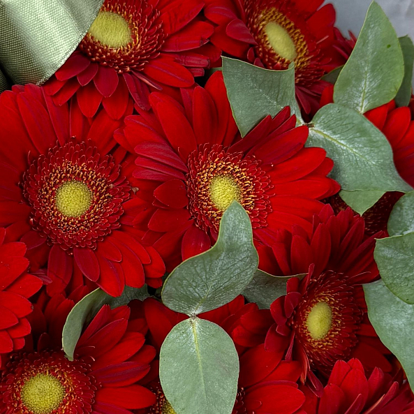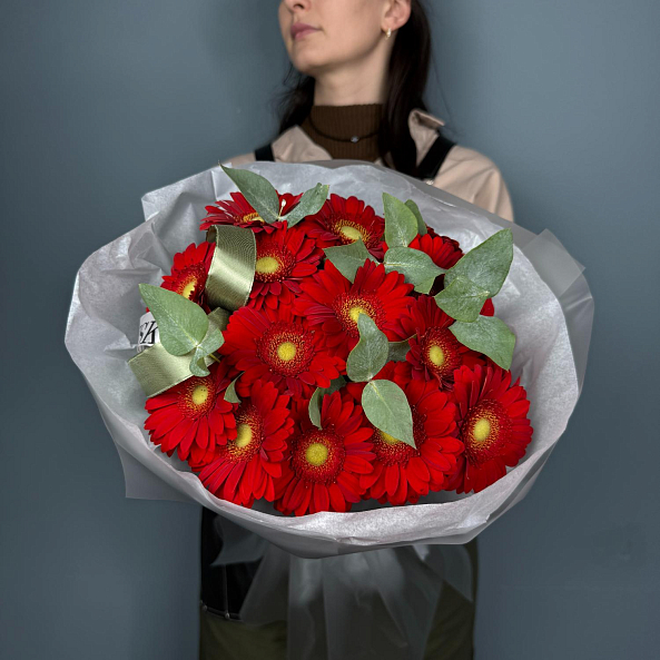 Гербера (мини) "Красная" 15 шт, Эвкалипт.
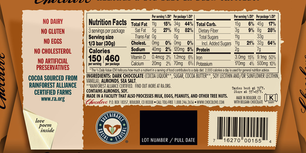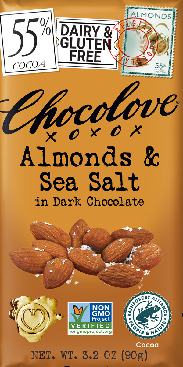 Enjoy Chocolove Almonds & Sea Salt In Dark Chocolate . Dark Semisweet Chocolate, Whole Dry Roasted Almonds And Sea Salt. At First Bite, Crunchy Almonds Release Their Flavor In A Swirl With Chocolate. The Sea Salt Crystals Continually Reset Your Sweet Taste Buds And Make A Tantalizing Taste Combination That Keeps You Wanting More. (Note: Description is informational only. Please refer to ingredients label on product prior to use and address any health questions to your Health Professional prior to use.
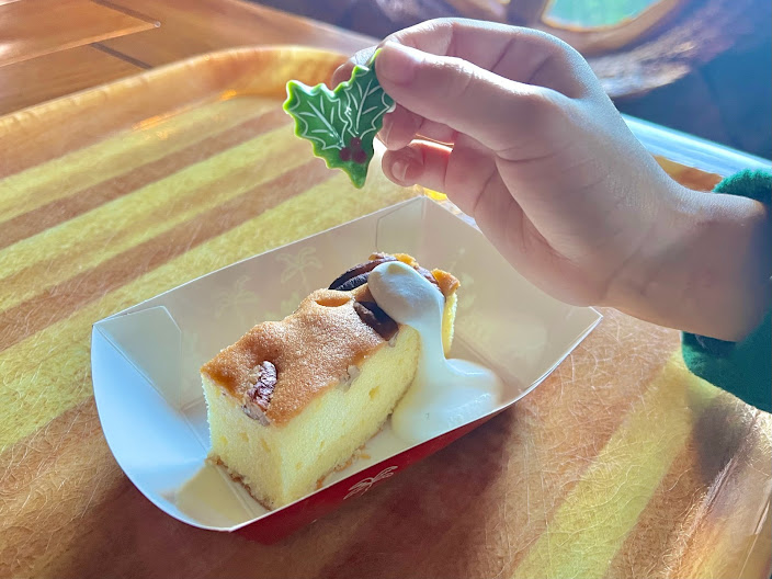 「ピーカンナッツのケーキ」には、ヒイラギの葉を模したチョコレートも付いてきます。コーヒーブレイクのお供にもおすすめのデザートなので、親子でホッとひと息つける食事タイムが過ごせそうですね。
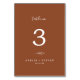 Ce numéro de table de mariage en terre cuite minimale est parfait pour un mariage boho. Le design se compose d'une simple silhouette de feuille de verdure orangée brûlée et minimaliste de style bohème désert. La carte s'imprime à l'avant et à l'arrière (double face). Les articles sont imprimés exactement comme ils apparaissent sur votre écran lorsque vous ajoutez au panier, donc personnalisez et ajoutez chaque numéro de table dont vous avez besoin à votre panier individuellement.
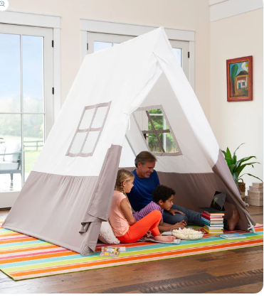 Give creative kids a pleasing place of their own to set their imaginations free inside this 7-Foot A-Frame Tent! The 5¼'L x 6½'W x 7'H tent is large enough for several kids to play or hang out together. Featuring a natural ivory color with a complementary dark grey border, this play space is easy to personalize with kids’ own colorful blankets, pillows and toys—and this complete set includes our outdoor-rated string lights to extend play into the night (three AA batteries required, not included)!

····················

YOUR OBJECTIVE -> Retype each record exactly as it stands, but do not include the pictures.

RESPONSE AREA ->
 Гербера (мини) "Красная" 15 шт, Эвкалипт.
 Enjoy Chocolove Almonds & Sea Salt In Dark Chocolate . Dark Semisweet Chocolate, Whole Dry Roasted Almonds And Sea Salt. At First Bite, Crunchy Almonds Release Their Flavor In A Swirl With Chocolate. The Sea Salt Crystals Continually Reset Your Sweet Taste Buds And Make A Tantalizing Taste Combination That Keeps You Wanting More. (Note: Description is informational only. Please refer to ingredients label on product prior to use and address any health questions to your Health Professional prior to use.
 「ピーカンナッツのケーキ」には、ヒイラギの葉を模したチョコレートも付いてきます。コーヒーブレイクのお供にもおすすめのデザートなので、親子でホッとひと息つける食事タイムが過ごせそうですね。
 Ce numéro de table de mariage en terre cuite minimale est parfait pour un mariage boho. Le design se compose d'une simple silhouette de feuille de verdure orangée brûlée et minimaliste de style bohème désert. La carte s'imprime à l'avant et à l'arrière (double face). Les articles sont imprimés exactement comme ils apparaissent sur votre écran lorsque vous ajoutez au panier, donc personnalisez et ajoutez chaque numéro de table dont vous avez besoin à votre panier individuellement.
 Give creative kids a pleasing place of their own to set their imaginations free inside this 7-Foot A-Frame Tent! The 5¼'L x 6½'W x 7'H tent is large enough for several kids to play or hang out together. Featuring a natural ivory color with a complementary dark grey border, this play space is easy to personalize with kids’ own colorful blankets, pillows and toys—and this complete set includes our outdoor-rated string lights to extend play into the night (three AA batteries required, not included)!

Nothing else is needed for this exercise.